The purpose of the paper was to propose a method and a set of metrics for the evaluation of the mapping accuracy and to propose a new mapping according to the procedure. Despite the limitations, the purpose was achieved, the new mapping was formed, and the thesis the proposed metric set allows for evaluation of emotion model mapping accuracy might be accepted.

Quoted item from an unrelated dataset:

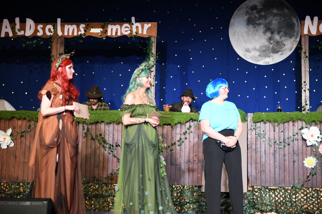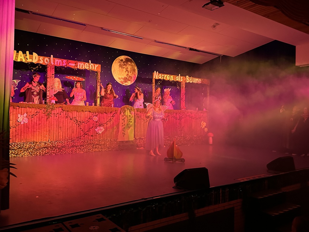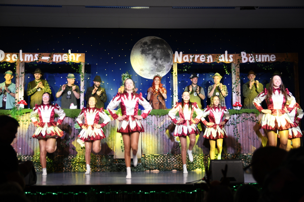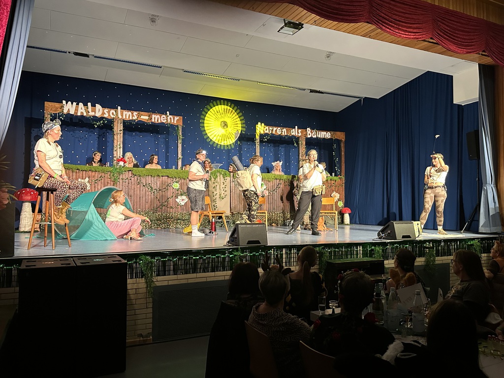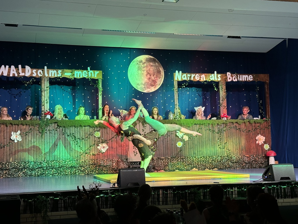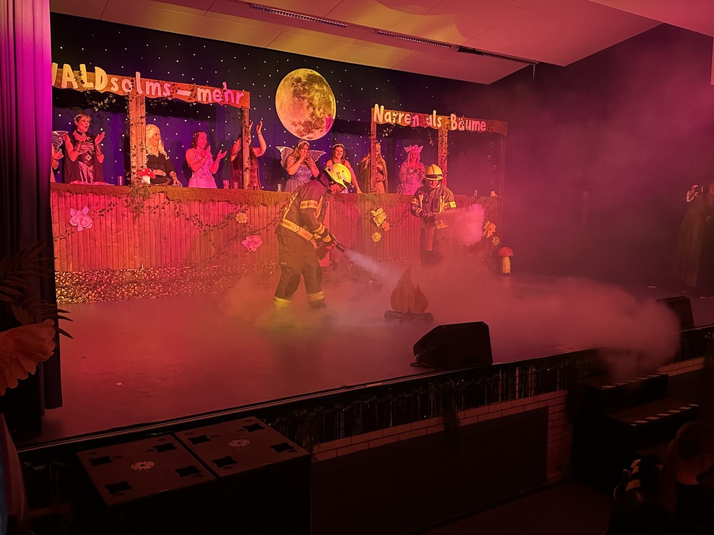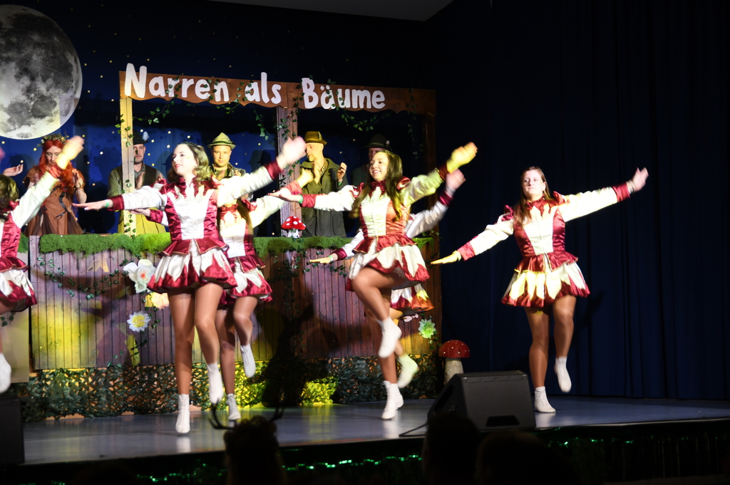 Eröffnet wurde die Prunksitzung durch die Jagdhornbläser Matias und Silvan, die immer wieder auch neue Programmpunkte ankündigten. Die Show startete mit einer wilden Verfolgungsjagd, bei der der Elferrat seine TreffUNsicherheit unter Beweis stellte, ehe sich der Vorhang öffnete und die Sitzungspräsidentinnen Christine und Christin putzmunter als Waldfeen auf der Bühne erschienen.

Implications of the study include the following:
- (1)
Affective states recognition algorithms provide estimates that might be wrong or imprecise. Additionally, any mapping between the emotion representation models might enlarge uncertainty related to emotion recognition, as there is non-zero accuracy error for all mappings. Therefore, it is always worthwhile considering an emotion recognition solution that provides an estimate in the representation model and that is better fitted into your context of applications.
- (2)
The new mapping matrices might be applied when you need emotions described with a PA or PAD model and get Ekman’s six basic emotions vector form the affect recognition system. The mapping might also be found useful in a late fusion of hypotheses on emotional states obtained from multiple affect recognition algorithms. In this study, two matrices were proposed (Equations (13) and (14)) and it is important to emphasize the differences between them. The first one was derived from a smaller dataset, and is therefore less accurate, but this applies to a complete list of dimensions. However, if you expect dominance and surprise not to play an important role in your application context, you might consider the latter one, as it was derived from a bigger dataset and therefore achieved higher accuracies for all precision thresholds.
- (3)
One of the crucial issues in applying the mapping is setting a precision threshold, which might be context-dependent. A comparison of the metrics used in this study showed that using standard deviation as a threshold might be advisable in some contexts, as it takes into account the ambiguity of the annotated words.
- (4)
The proposed procedure and metrics were validated and proven useful in the study of mapping between the emotion representation models. The metrics might also prove useful in a comparison of the two annotations. The datasets developed for this study will be shared. The procedure, metrics and datasets set a framework for future works on mappings between the emotion representation models.